The entire common law system works on the theory of precedent where a ruling in one case is often considered as binding (or at least persuasive) in a subsequent case with similar fact circumstances. However the system only recognizes judicial decisions as the source of precedents in a some jurisdictions in particular only Courts of Records are considered as vested with the authority in as much as their decisions are considered as binding precedents. It is in this background that one can safely conclude that a ruling of an arbitral tribunal (which does not carry out the State's judicial function unlike a court), would not be considered as precedent.

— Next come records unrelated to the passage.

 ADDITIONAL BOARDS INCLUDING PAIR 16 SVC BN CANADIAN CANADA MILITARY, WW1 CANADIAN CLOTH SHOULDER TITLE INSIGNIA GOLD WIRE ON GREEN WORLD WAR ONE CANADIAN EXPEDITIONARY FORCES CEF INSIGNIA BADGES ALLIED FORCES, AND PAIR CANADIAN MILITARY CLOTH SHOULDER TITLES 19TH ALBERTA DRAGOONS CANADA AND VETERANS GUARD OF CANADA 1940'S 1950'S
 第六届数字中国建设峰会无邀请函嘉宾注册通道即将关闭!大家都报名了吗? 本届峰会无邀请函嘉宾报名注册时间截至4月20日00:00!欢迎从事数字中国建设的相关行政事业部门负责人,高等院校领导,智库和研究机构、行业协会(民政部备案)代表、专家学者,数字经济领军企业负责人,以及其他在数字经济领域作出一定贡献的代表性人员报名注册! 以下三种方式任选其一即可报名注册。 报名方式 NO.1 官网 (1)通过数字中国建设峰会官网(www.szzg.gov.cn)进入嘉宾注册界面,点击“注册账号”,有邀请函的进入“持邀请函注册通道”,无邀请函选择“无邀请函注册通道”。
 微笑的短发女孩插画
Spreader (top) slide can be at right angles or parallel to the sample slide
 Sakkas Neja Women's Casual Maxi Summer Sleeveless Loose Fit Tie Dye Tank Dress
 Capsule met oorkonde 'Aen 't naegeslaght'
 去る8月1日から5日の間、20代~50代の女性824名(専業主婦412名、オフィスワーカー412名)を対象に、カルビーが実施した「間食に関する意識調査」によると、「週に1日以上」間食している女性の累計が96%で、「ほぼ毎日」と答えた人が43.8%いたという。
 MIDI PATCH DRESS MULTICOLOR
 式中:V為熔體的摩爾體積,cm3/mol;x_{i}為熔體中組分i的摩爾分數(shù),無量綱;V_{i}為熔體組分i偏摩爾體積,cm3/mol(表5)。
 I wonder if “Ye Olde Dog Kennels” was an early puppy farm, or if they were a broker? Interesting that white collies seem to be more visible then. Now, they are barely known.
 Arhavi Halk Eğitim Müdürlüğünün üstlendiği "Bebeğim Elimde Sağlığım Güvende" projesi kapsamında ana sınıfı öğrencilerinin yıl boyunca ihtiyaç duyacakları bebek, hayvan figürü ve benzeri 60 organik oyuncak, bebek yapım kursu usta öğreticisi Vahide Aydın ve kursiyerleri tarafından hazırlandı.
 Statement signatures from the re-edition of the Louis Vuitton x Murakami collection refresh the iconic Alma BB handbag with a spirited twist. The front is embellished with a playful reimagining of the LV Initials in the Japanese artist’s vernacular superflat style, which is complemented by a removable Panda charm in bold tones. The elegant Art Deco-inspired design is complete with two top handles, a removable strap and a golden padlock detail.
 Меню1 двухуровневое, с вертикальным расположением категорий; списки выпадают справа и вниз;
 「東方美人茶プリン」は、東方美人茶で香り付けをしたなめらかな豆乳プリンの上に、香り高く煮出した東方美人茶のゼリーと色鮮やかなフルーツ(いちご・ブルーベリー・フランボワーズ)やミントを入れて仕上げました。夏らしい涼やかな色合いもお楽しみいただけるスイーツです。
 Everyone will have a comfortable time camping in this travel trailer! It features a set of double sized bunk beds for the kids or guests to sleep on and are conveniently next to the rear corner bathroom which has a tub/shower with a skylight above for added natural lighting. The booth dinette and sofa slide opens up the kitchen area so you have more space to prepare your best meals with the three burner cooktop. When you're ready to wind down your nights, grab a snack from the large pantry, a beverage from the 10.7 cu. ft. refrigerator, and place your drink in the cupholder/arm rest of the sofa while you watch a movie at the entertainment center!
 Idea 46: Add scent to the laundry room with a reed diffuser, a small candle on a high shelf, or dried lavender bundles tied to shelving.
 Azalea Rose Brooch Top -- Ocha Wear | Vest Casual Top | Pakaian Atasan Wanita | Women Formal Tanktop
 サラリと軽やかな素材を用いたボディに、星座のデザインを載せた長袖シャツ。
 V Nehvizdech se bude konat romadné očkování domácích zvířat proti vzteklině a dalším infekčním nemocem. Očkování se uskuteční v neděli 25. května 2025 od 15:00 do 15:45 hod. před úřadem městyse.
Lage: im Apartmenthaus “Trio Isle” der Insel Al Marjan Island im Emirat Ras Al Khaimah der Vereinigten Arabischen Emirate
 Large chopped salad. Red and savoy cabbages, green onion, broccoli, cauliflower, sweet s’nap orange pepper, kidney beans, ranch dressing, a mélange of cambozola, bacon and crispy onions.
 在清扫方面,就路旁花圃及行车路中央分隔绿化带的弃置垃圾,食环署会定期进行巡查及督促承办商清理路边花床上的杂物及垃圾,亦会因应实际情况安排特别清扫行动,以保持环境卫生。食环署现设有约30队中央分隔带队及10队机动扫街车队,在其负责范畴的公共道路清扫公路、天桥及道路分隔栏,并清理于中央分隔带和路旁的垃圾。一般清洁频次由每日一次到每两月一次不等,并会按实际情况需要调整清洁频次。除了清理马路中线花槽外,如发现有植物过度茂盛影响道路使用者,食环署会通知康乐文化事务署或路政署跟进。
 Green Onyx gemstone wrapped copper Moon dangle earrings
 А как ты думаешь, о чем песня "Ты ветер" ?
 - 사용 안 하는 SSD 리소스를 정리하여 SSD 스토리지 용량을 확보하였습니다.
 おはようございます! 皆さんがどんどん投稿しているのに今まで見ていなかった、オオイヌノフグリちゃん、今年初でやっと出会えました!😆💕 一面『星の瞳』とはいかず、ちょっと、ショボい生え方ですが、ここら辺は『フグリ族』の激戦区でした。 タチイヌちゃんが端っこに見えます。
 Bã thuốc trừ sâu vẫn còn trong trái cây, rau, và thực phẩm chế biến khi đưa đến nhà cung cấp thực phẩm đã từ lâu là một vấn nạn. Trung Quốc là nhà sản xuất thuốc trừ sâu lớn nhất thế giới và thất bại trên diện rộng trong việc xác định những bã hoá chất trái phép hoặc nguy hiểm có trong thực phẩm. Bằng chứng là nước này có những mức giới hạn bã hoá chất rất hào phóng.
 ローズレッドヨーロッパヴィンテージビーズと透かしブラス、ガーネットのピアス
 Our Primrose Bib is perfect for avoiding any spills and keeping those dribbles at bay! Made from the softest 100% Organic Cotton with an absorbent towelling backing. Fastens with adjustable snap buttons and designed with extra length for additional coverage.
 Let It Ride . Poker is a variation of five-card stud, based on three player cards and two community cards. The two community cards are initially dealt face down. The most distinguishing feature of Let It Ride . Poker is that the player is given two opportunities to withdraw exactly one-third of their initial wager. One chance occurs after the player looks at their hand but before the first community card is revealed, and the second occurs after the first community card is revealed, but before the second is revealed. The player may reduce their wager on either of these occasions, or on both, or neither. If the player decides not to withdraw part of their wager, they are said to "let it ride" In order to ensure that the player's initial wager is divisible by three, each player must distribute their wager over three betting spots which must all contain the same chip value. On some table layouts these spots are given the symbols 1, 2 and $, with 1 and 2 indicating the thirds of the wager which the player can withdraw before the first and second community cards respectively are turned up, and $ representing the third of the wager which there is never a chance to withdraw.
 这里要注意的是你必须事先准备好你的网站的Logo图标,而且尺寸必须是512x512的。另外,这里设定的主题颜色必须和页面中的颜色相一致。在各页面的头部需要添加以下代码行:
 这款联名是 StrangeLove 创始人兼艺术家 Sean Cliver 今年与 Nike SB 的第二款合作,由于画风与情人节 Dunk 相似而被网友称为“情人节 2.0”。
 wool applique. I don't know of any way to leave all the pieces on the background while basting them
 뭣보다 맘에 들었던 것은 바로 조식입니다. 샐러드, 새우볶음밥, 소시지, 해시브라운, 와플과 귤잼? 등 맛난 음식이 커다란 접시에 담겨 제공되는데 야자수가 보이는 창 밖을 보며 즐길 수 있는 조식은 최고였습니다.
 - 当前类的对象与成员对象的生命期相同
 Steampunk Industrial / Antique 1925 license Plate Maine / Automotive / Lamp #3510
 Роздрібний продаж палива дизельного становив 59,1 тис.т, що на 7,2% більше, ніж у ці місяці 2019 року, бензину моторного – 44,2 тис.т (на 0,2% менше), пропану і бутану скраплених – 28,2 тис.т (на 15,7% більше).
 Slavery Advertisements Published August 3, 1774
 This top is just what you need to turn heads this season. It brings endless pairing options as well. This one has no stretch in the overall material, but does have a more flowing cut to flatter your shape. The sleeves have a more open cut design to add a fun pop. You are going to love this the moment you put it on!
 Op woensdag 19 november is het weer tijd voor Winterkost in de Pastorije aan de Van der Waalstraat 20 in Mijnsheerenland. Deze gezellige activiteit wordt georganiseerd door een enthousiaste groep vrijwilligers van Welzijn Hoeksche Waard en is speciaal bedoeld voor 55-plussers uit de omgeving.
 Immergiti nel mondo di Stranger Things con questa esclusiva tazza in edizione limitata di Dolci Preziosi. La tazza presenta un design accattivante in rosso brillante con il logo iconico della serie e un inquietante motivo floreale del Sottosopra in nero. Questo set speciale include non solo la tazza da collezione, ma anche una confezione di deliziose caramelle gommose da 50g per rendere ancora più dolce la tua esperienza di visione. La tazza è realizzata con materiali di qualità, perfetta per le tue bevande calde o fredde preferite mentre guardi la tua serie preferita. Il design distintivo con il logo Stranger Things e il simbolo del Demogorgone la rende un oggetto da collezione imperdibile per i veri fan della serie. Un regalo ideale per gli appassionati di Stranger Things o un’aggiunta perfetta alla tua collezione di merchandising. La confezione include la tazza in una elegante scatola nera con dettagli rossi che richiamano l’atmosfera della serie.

It this background it is interesting to note the views of W. MARK C. WEIDEMAIER in his paper entitled "TOWARD A THEORY OF PRECEDENT IN ARBITRATION" in which he seeks to explore and lay out a theoretical foundation for considering arbitral rulings are precedents. The abstract states as under;
Do arbitrators create precedent? The claim that they do not recurs throughout much of the arbitration literature. Instead, arbitration often is viewed as an ad hoc forum in which arbitrators do justice (at best) within the confines of particular cases. As an empirical matter, however, it is increasingly clear that, in some arbitration systems, arbitrators often cite to other arbitrators, claim to rely on past awards, and promote adjudicatory consistency as an important system norm. Much like courts, then, arbitrators can (but do not always) create precedent that guides future behavior and provides a language in which disputants, lawyers, and adjudicators can express and resolve grievances.
An interesting reading.This Article provides a theoretical foundation for understanding the conditions under which precedent will (or will not) arise in arbitration. It identifies three considerations that may account for the development of precedent across a range of arbitration systems: (1) whether the system is structurally conducive to the creation of precedent; (2) whether arbitral precedent benefits the parties by filling gaps in (or displacing) state-supplied law; and (3) whether arbitrators are likely to be viewed as legitimate producers of law within the relevant context. After explaining the relevance of these considerations, the Article explores how they might apply in different arbitration contexts and sets forth a research agenda capable of shedding light on arbitration not only as a mechanism for resolving disputes, but also as a mechanism for generating robust systems of privately made law.